Практика наложения образов друг на друга, опосредования панорамным зрелищем, проступающей эмблемой или анаморфическим смещением, эксперименты с перспективой, приближением и удалением – все это говорит о том, что сам перевод «зримого» в «зрелище», изображение[154 - Говоря словами Б. В. Дубина. Дубин Б. В. Визуальное в современной культуре. К программе социологического исследования // Интеллектуальные группы и символические формы. М.: Новое издательство, 2004. С. 32.] мыслился По как проблема. Репрезентация тела в его текстах неотделима от опыта героя-наблюдателя, от особым образом организованного пространства видимого.

Сквозь замочную скважину

Спальня, библиотека, частная галерея – наиболее предпочтительное и привычное место действия новелл По. Его драмы, как правило, разыгрываются в тесноте готической комнаты, где наблюдатель оказывается наедине со своим (вожделенным, ненавистным, воображаемым…) «объектом». В домашней обстановке наблюдатель ощущает себя «безопаснее», чем в городе, где он сам может стать объектом чужих взглядов, или на природе в тех случаях, когда возвышенное исключает пасторальное: «Смотря с горной вершины, мы не можем не почувствовать себя затерянными в пространстве. Павшие духом избегают подобных видов, как чумы»[155 - «Поместье Арнгейм». С. 564.]. Вместе с тем, как мы увидели, в замкнутом пространстве велика угроза искажения видимого: наблюдатель, прибегая к наркотикам, книгам или оптическим ловушкам, подвержен галлюцинациям.
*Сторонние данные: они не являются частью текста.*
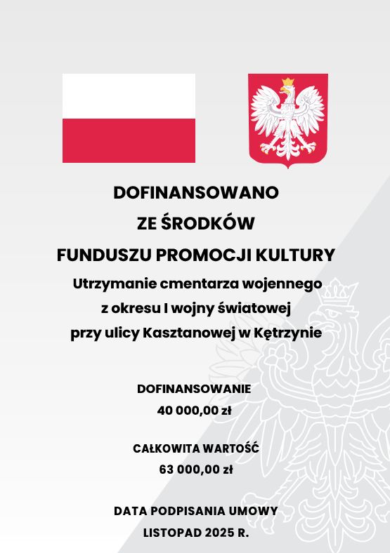 Gmina Miejska Kętrzyn na podstawie umowy o dofinasowanie nr 112943/25/FPK/DDZ realizuje zadanie pn. „Utrzymanie cmentarza wojennego z okresu I wojny światowej przy ulicy Kasztanowej w Kętrzynie”dofinansowanego ze środków Ministra Kultury i Dziedzictwa Narodowego pochodzących z Funduszu Promocji Kultury w ramach programu Groby i cmentarze wojenne w kraju 2025”.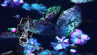 In this GIF excerpt from “Nocturne” (2018), a figure enters into a state of ecstasy amid flowers and intergalactic scenery. The point is that using stones, herbs, and flowers to access the mystic has a long and documented history among nonsecular and secular people in medieval Europe.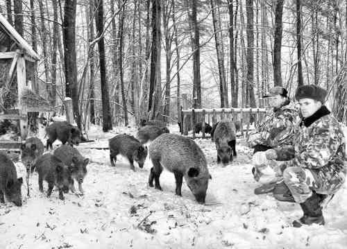 Єгері доставляють корми трактором, кінними саньми та возами. Звірі здалеку чують наближення фури з наїдками, не видимим серед дерев поступом лап і копитець вони прямують до вже звичних для них «їдалень». До єгеря Сьомаківського лісництва ДП «МГ» «Старовижівське» Анатолія Хомича у звірів виняткова довіра. Воно й не дивно: цей чоловік перейнятий піклуванням і любов’ю до лісу, до братів наших менших. Він достеменно знає всі особливості та потреби лісового господарства на своєму обході. На моїх очах на одному з годувальних майданчиків молода самка дикого кабана мало не з рук хапала в нього зерно кукурудзи. Вочевидь, тварини добре «розбираються», хто перед ними — друг чи ворог. Анатолій 15 років тому замінив на посаді батька Григорія Макаровича, котрий свого часу самовіддано боронив звірину від лісопорушників і, зрештою, загинув від кулі злісного браконьєра. Тепер ось уже підріс його внук — шестикласник, названий на честь славного дідуся Гришею, який також нестримно душею і серцем тягнеться до зеленого друга родини — лісу, є татусевим «хвостиком».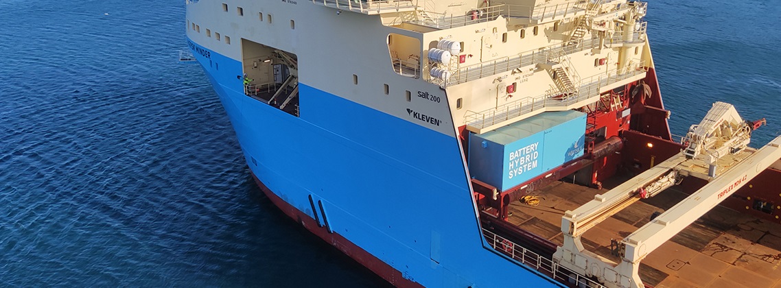 Wärtsilä HY hybrid upgrade cuts fuel consumption and carbon emissions onboard the Maersk Minder anchor handling tug supply vessel.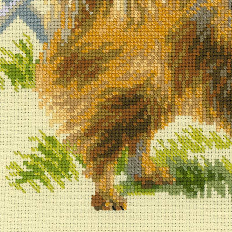 Bring a touch of playful charm into your home with the 1585 Pomeranian Cross-Stitch Kit from RIOLIS. This cute design shows a fluffy Pomeranian standing proudly on soft grass. Its golden fur and bright eyes give it a lively, cheerful look. In the background, a green tree and garden fence complete the scene. Altogether, it captures the warmth of a sunny day outdoors.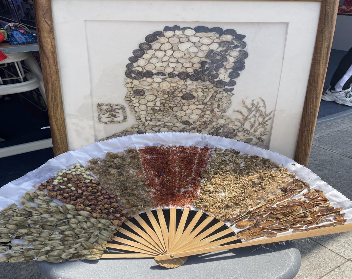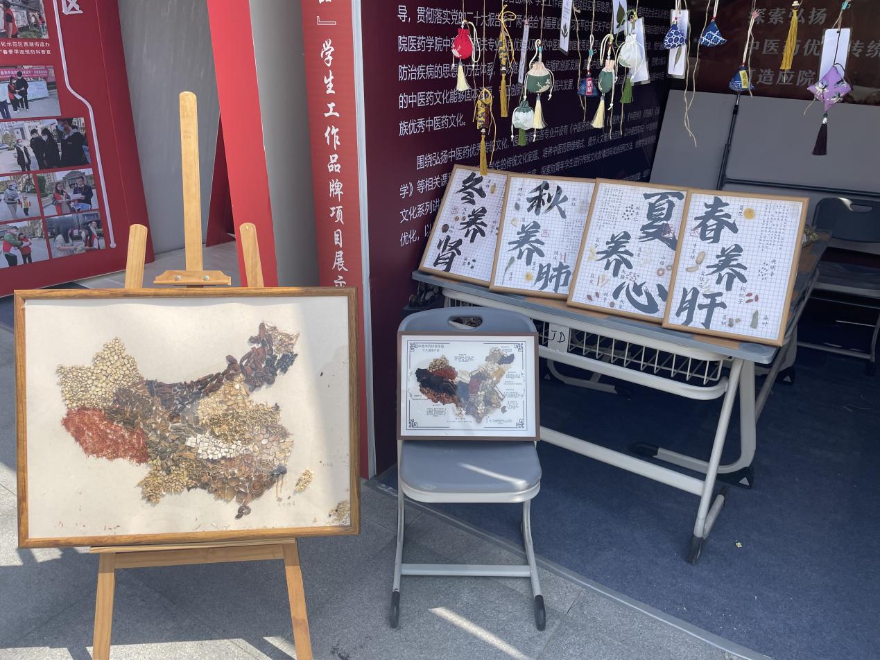 职业教育周期间医药学院还进行“创意国粹,描绘中药”作品展。同学们集思广益,精心设计,把中药材当“画笔”和“颜料”,巧妙运用枸杞、红花、陈皮、川芎、菊花、山楂、桔梗、防风等30余种中药本身天然的颜色和各异的形态,采用粘贴、拼剪、镶嵌等技艺,将中医药文化知识以有形的艺术表现,粘贴出“中国地图”、“李时珍”等作品,实现“古典与创新、药与美”的结合。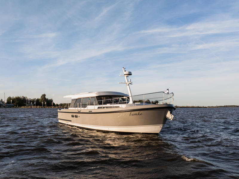 Die Femke ist unter anderem mit einem leistungsstarken Generator, Bug- und Heckstrahlruder, einem voll ausgestatteten Steuerstand mit Raymarine-Geräten wie Plotter, Tridata, Autopilot und UKW-Funk ausgestattet.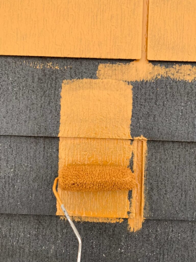 今回は鮮やかな黄色(オレンジ色)のイエローオーカーという色をお選び頂きましたが、位色の屋根に明るい塗料がなかなか乗らず、仕上げるのにとても苦労しました。最後は綺麗に仕上げることができ営業担当と職人でとても苦労した工程になります。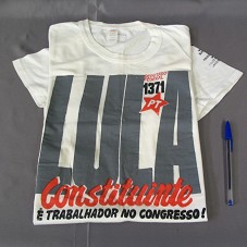 CAMISETA (TAM M) EM MALHA BRANCA, DE MANGA CURTA. NA FRENTE, ESTAMPA EM CINZA, VERMELHO E PRETO, COM A INSCRIÇÃO 'LULA CONSTITUINTE / É TRABALHADOR NO CONGRESSO / DEPUTADO FEDERAL 1371 PT'.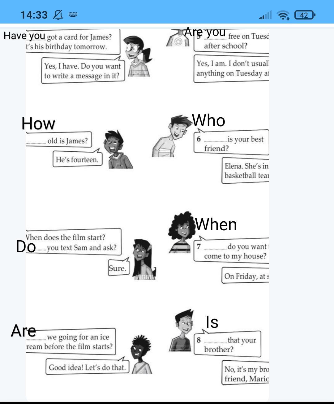 Просто нужно писать те слова, которые, соответствуют к ответам. Так и задаём вопросы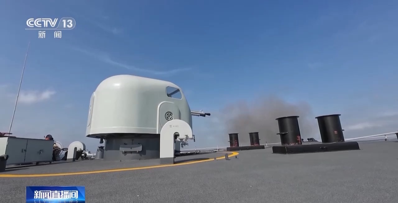 在编队各舰号手精确操作下,数枚炮弹呼啸而出,对“敌”目标实施有效火力打击。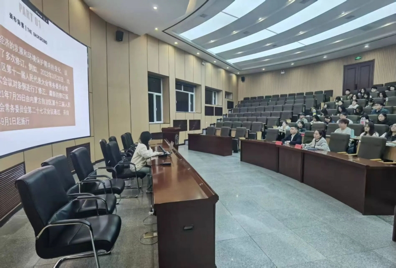 在讲座中,刘薇薇同学详细讲解了《内蒙古自治区地质环境保护条例》的出台过程、条例内容与效力位阶,并重点强调了条例中的地质环境保护原则,应当以预防为主、防治结合、综合治理。同时还应该建立地质环境监测网络,及时发布预警信息,对于地质灾害防治,应明确防治责任,实施防治工程,划定地质环境保护区域,实施分类管理。除此之外还对该条例规定的法律责任进行了详细解读。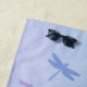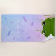 Ein niedlicher Frosch mit großen Augen guckt durch das große, weiße Gras auf einem Feld auf diesem lustigen und skurrilen Strandtuch. Hübsche Libellen unterschiedlicher Größe fliegen über dem Froschkopf gegen einen blauen / rosa Himmel - personalisieren Sie mit ihrem Namen - durch katz_d_zynes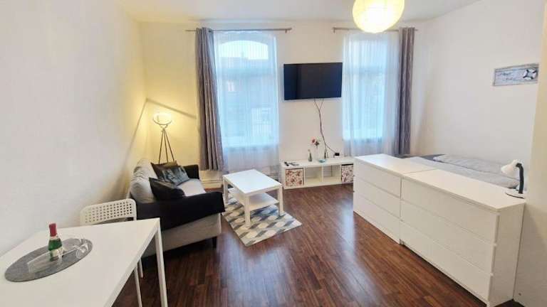 Die Unterkunft "Urlaub im Herzen Wismars 1OG Süd B" bietet eine Ferienwohnung im ersten Obergeschoss mit modernen Annehmlichkeiten. Es handelt sich um eine privat geführte Unterkunft, in der weder Junggesellen- noch ähnliche Feiern erlaubt sind. Die Mindestalter für den Check-in und die Gäste beträgt 18 Jahre. Haustiere sind nicht gestattet. Die Unterkunft gewährleistet hohe Hygienestandards und Reinigung durch professionelle Firmen.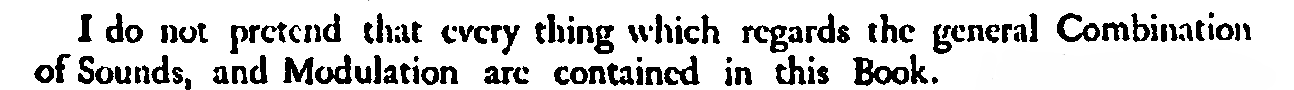 I'm always puzzled when reading "It would have swelled this Book too much". Does he mean it's theoretically doable? He does not say "impossible" afterall... what if the composer wasn't getting the right compensation for the job or what if he was hoping to keep the rest for further volumes eventually never published?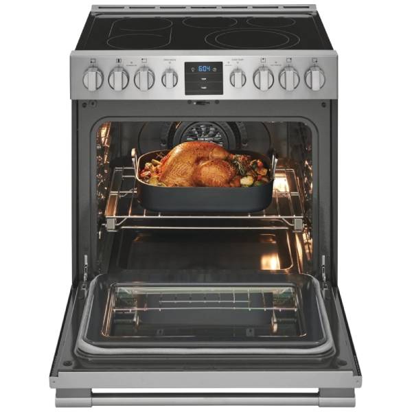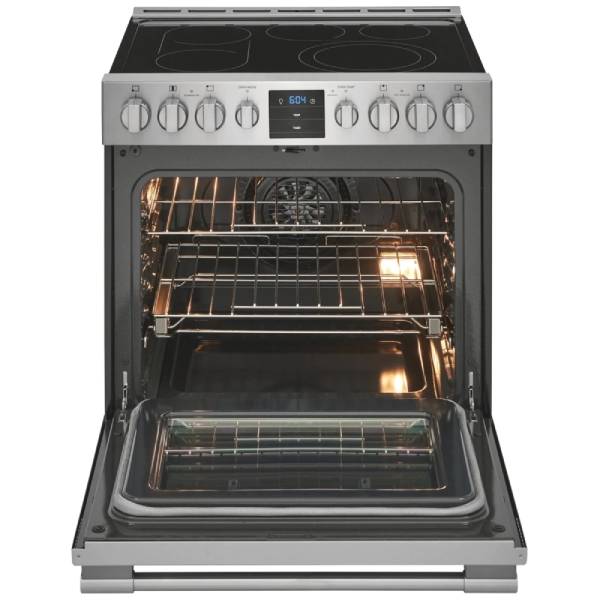 Frigidaire Professional PCFE307CAF Electric Range, Electric, 30 inch Exterior Width, Self Clean, Convection, 5 Burners, 5.4 cu. ft. Capacity, Storage Drawer, Air Fry, 1 Ovens, Stainless Steel colour Air Fry tray included, Telescopic Gliding Extension Rack, True European Convection, Temperature Probe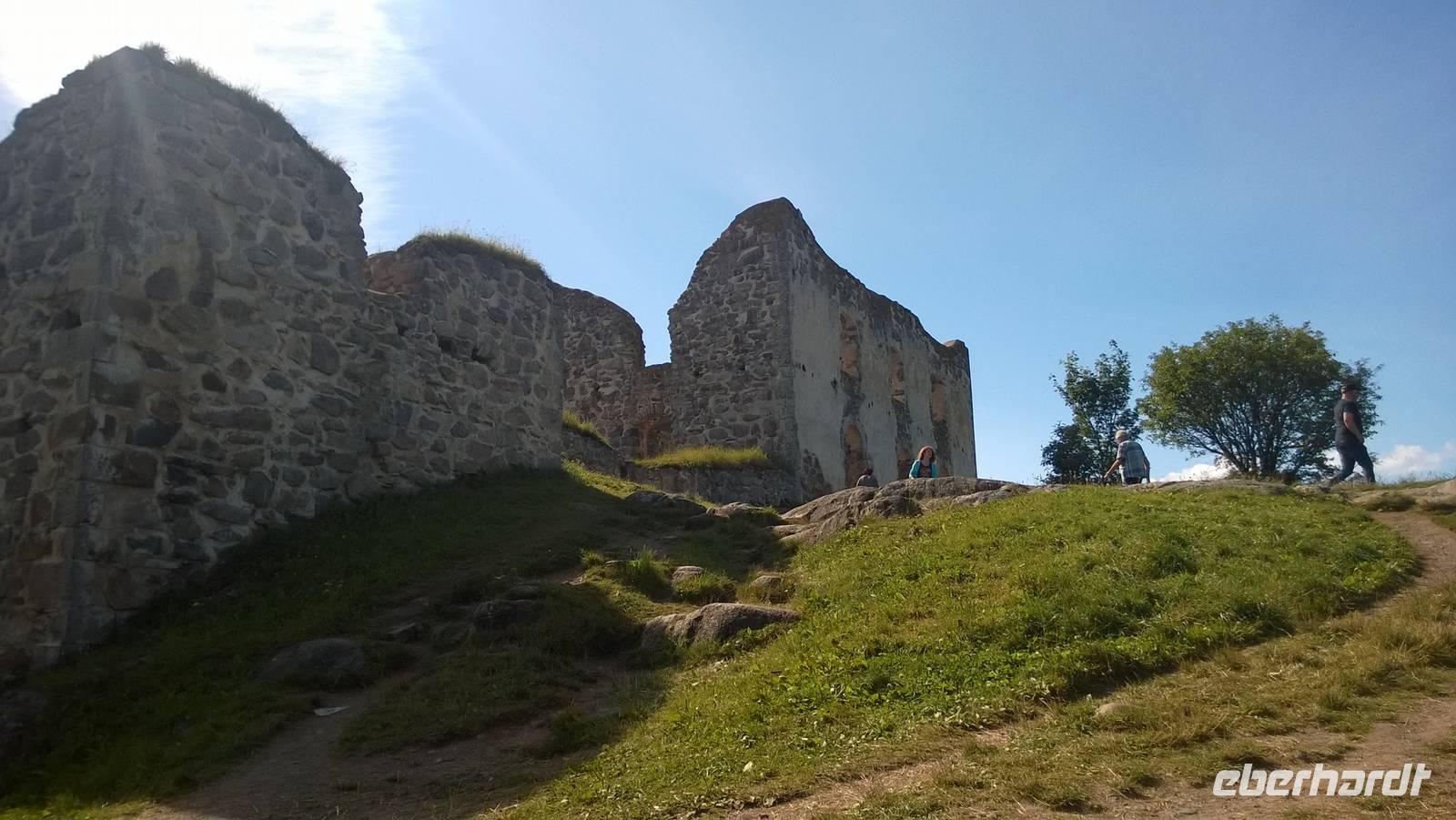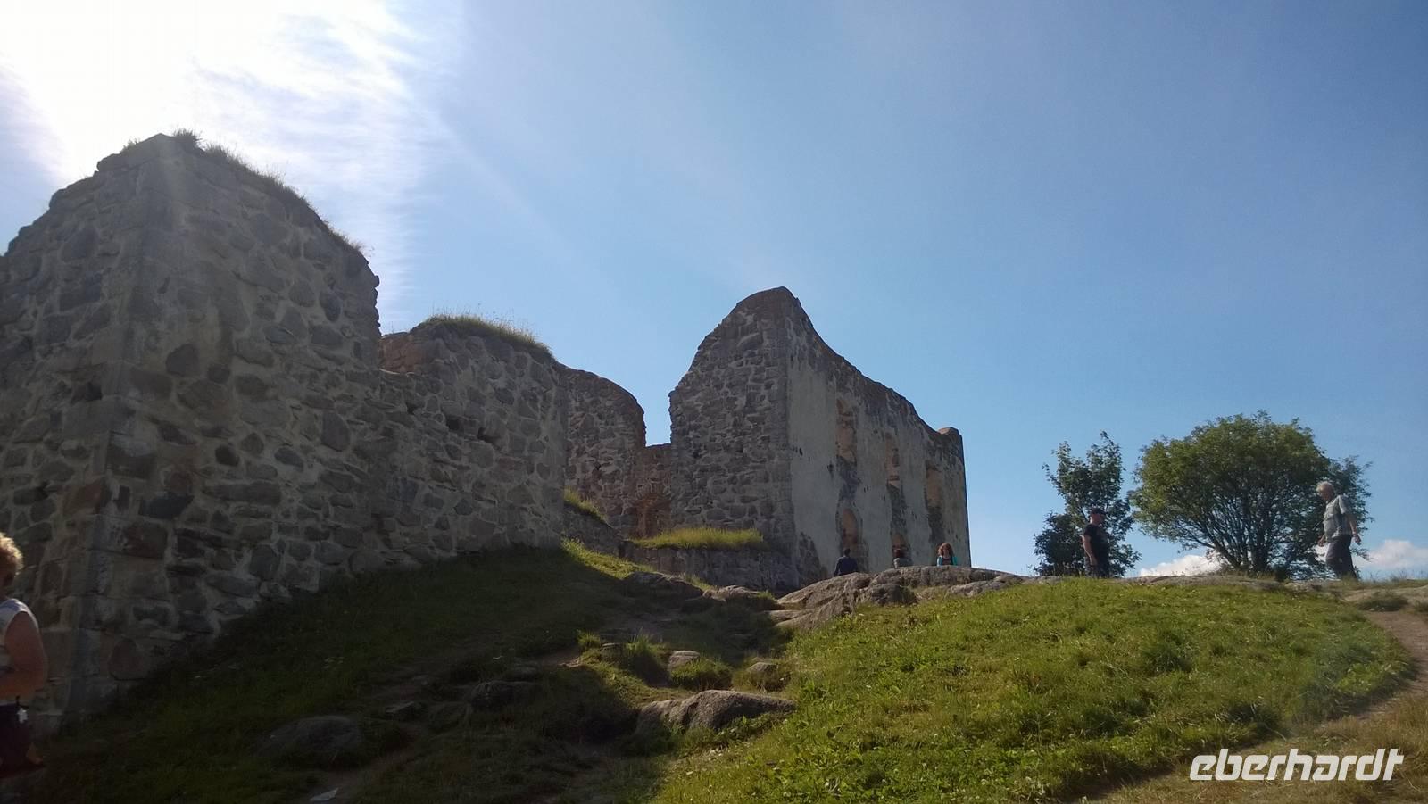 Heute schippern wir gemütlich auf dem Götakanal von Berg nach Borensberg. Das Wetter spielt mit und so genießen wir die Fahrt durch die wunderschöne schwedische Landschaft. Am Mittag kommen wir dann in Borensberg an, wo Frank schon mit seinem knallroten Bus auf uns wartet. Ein kurzes Mittagessen gibt es, und dann geht's weiter. Schon bald machen wir aber an der Ruine vom Brahehus Rast. Von hier aus haben wir einen guten Blick auf den Vättern, die Insel Visingsö und das Städtchen Gränna. Ebendorthin verschlägt es uns nun. In Gränna wird seit langer Zeit Süßes hergestellt, nämlich die traditionell rotweiß gestreiften Zuckerstangen, die sogenannten Polkagrisar. Wir schauen uns die Manufaktur an und schlendern dann noch durch den Ort. Schließlich fahren wir weiter, denn heute Abend werden wir in Växjö erwartet. Dort lädt der Wald, der direkt am Hotel liegt, noch zum Spazieren ein. Wer kommt also mit in die Heidelbeeren?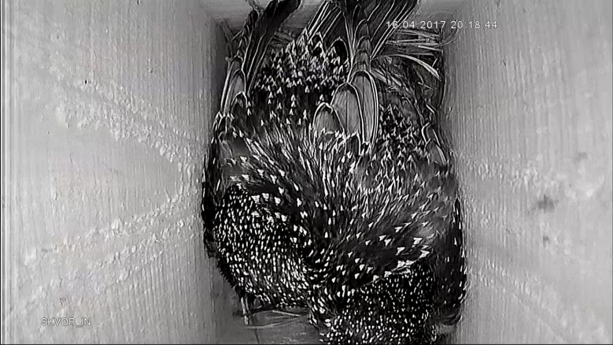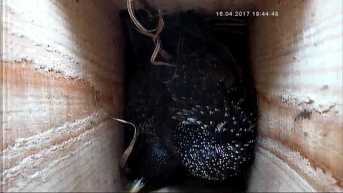 Удивляюсь, тоже, но ведь действительно, как то влазят. Птенцов бы не подавили, когда те появятся... Папашу то явно выселят, надеюсь)).Спят вдвоем, вроде влазят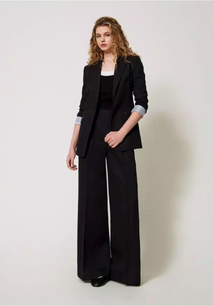 TWINSET LINEN BLEND PALAZZO TROUSERS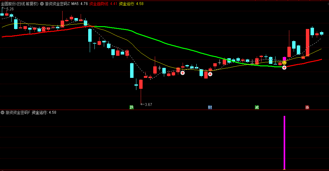 "钱袋子"紫色柱状图:当趋势线上穿资金线时触发,是确认主力资金进场的重要信号。

В целом приватность понималась По в готическом духе, за исключением разве что идиллического рассказа «Домик Лэндора» («Landor’s Cottage», 1849) написанного как продолжение к «Поместью Арнгейм». Любая из его комнат, нередко расположенная в башне полуразрушенного аббатства или старинном итальянском палаццо, грозит обернуться пыточной камерой или склепом. В рассказах По можно наблюдать рудименты традиционной схемы готических и либертинских романов, наследия XVIII в.: затворница или затворник испытывает на себе злой нрав какого-нибудь владельца уединенного, неприступного и мрачного замка. У По в роли такого «злодея» выступает сам герой-рассказчик (почти все его новеллы написаны от первого лица), власть которого, однако, небезгранична уже потому, что он в любой момент может стать жертвой собственных фантазий или сверхъестественного события. За исключением рассказов с мотивом убийства, персонажи По обычно не совершают ничего предосудительного или, по крайней мере, об этом не говорится напрямую. Властные, а порой и садистские импульсы в его рассказах, как мы увидим в дальнейшем, чаще всего смещаются в область репрезентации.

Говоря о литературном и культурном пространстве, в котором работал По, важно обозначить жанровые границы риторики насилия, связанной с телесной образностью. Прежде всего, ее открыто эксплуатировали популярные романы эпохи, написанные как на готические, так и на современные городские сюжеты. Открывая наугад один из романов Джорджа Липпарда, известного романиста и приятеля По, мы находим многостраничное описание казни, воображаемое одним из персонажей. «Чу – слышишь шипящий звук? Его мускулистая грудь обнажена, и вот раскаленное железо касается теплой плоти, темнеющая кровь сочится из вен. Он извивается от боли – но не произносит звука… Его рука сломана, видишь выступающую кость?»[156 - Lippard G. The Lady Annabel: A Romance of the Alembic, the Altar, and the Throne. Philadelphia: G.B. Zieber and Co, 1845. P. 22.]. Анатомия пытки доводится до истерии: герой Липпарда с нарастающим сладострастием представляет, как выжигает своей жертве оба глаза и вырезает сердце. Подобными сценами пестрели многие романы того времени, которые обычно печатались как приложения к журналам или выходили отдельными, дешевыми изданиями. Кровавые преступления, пытки и бесчинства, в том числе эротического характера, неизменно совершались за закрытой дверью, в замкнутом пространстве комнаты, которая подчас представляла собой изощренный механизм с потайными дверьми и нишами, раздвигающимися стенами и т. п.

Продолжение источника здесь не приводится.